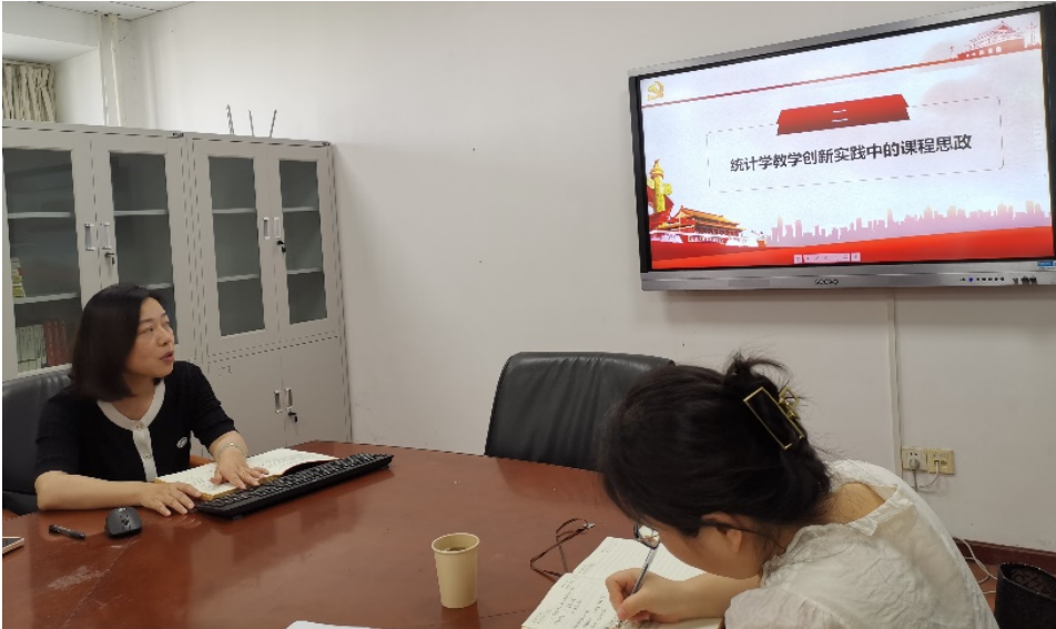 讨论环节,教师们对统计学数据播报课程思政教学设计,以及以赛促教、三农主题创新创业项目设计等思政教学的具体做法产生了较大兴趣,并与熊巍老师进行了深入交流探讨,充分发挥了思政示范课程的引领作用。
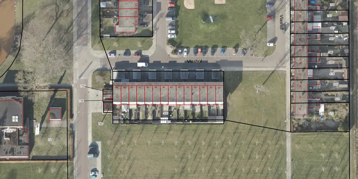 Het perceel waarop Vlashof 42 staat heeft een oppervlakte van 1690 m². Dit is een zeer groot perceel. De perceeloppervlakte wordt geregistreerd door het Kadaster. Gedetailleerde informatie over de maten van dit perceel kunt u vinden in het rapport Kadastrale kaart met maatvoering van Vlashof 42.
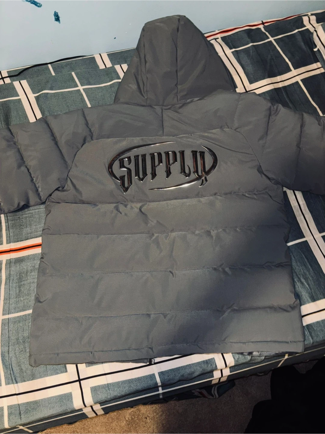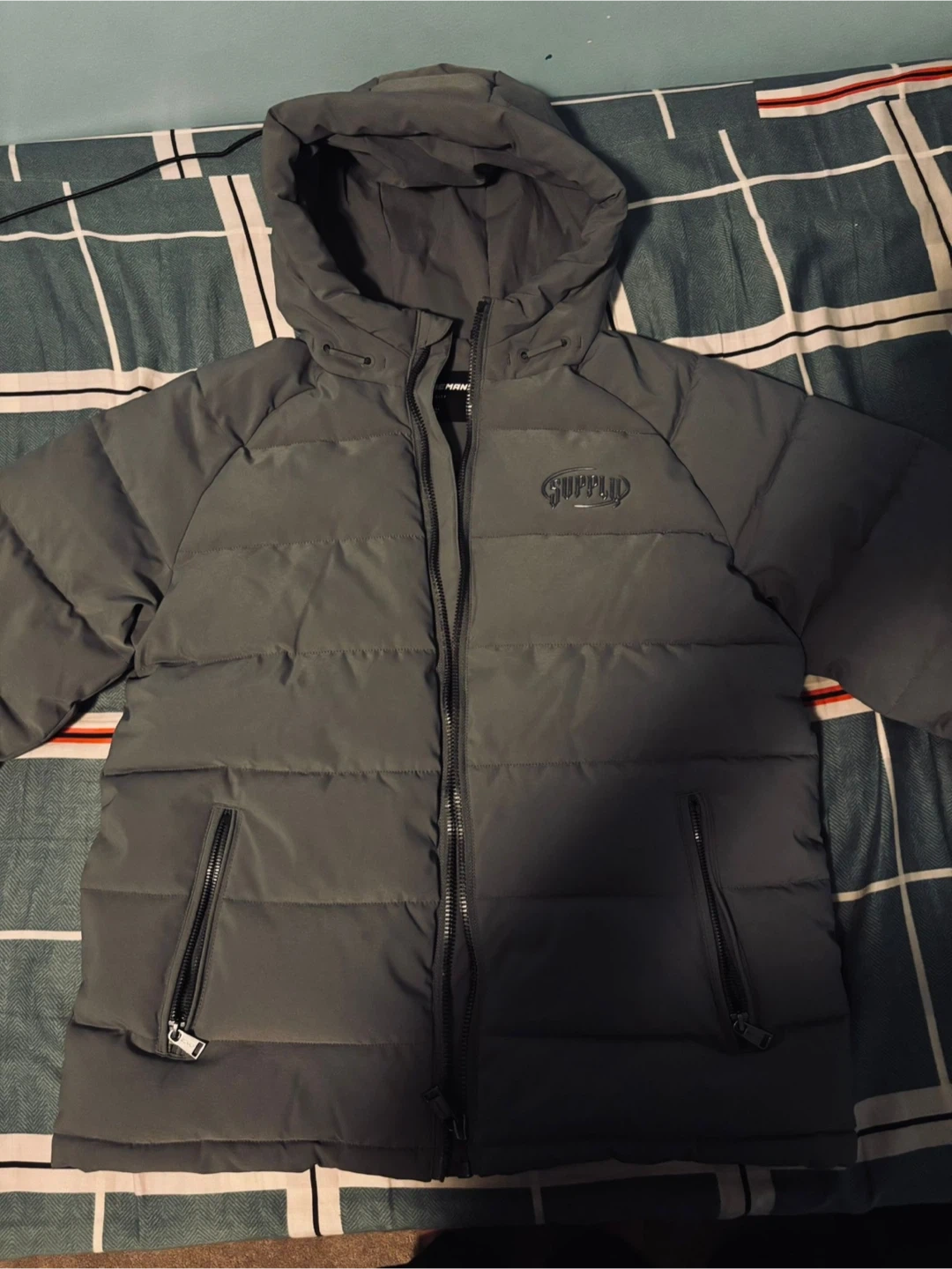 This grey Supply & Demand puffer jacket is a size XL. It features a full zip closure and two front zip pockets. It's a stylish and warm outerwear piece for cooler weather.
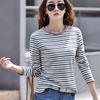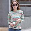T-Shirt Woman Korea Loose Cotton T Shirt Women Casual Top Tee Green Black Striped Long Sleeve Tshirt Basic

What is expected: Every line of the listing above is to be repeated exactly, with its pictures left out.

Reply:
 讨论环节,教师们对统计学数据播报课程思政教学设计,以及以赛促教、三农主题创新创业项目设计等思政教学的具体做法产生了较大兴趣,并与熊巍老师进行了深入交流探讨,充分发挥了思政示范课程的引领作用。
 Het perceel waarop Vlashof 42 staat heeft een oppervlakte van 1690 m². Dit is een zeer groot perceel. De perceeloppervlakte wordt geregistreerd door het Kadaster. Gedetailleerde informatie over de maten van dit perceel kunt u vinden in het rapport Kadastrale kaart met maatvoering van Vlashof 42.
 This grey Supply & Demand puffer jacket is a size XL. It features a full zip closure and two front zip pockets. It's a stylish and warm outerwear piece for cooler weather.
T-Shirt Woman Korea Loose Cotton T Shirt Women Casual Top Tee Green Black Striped Long Sleeve Tshirt Basic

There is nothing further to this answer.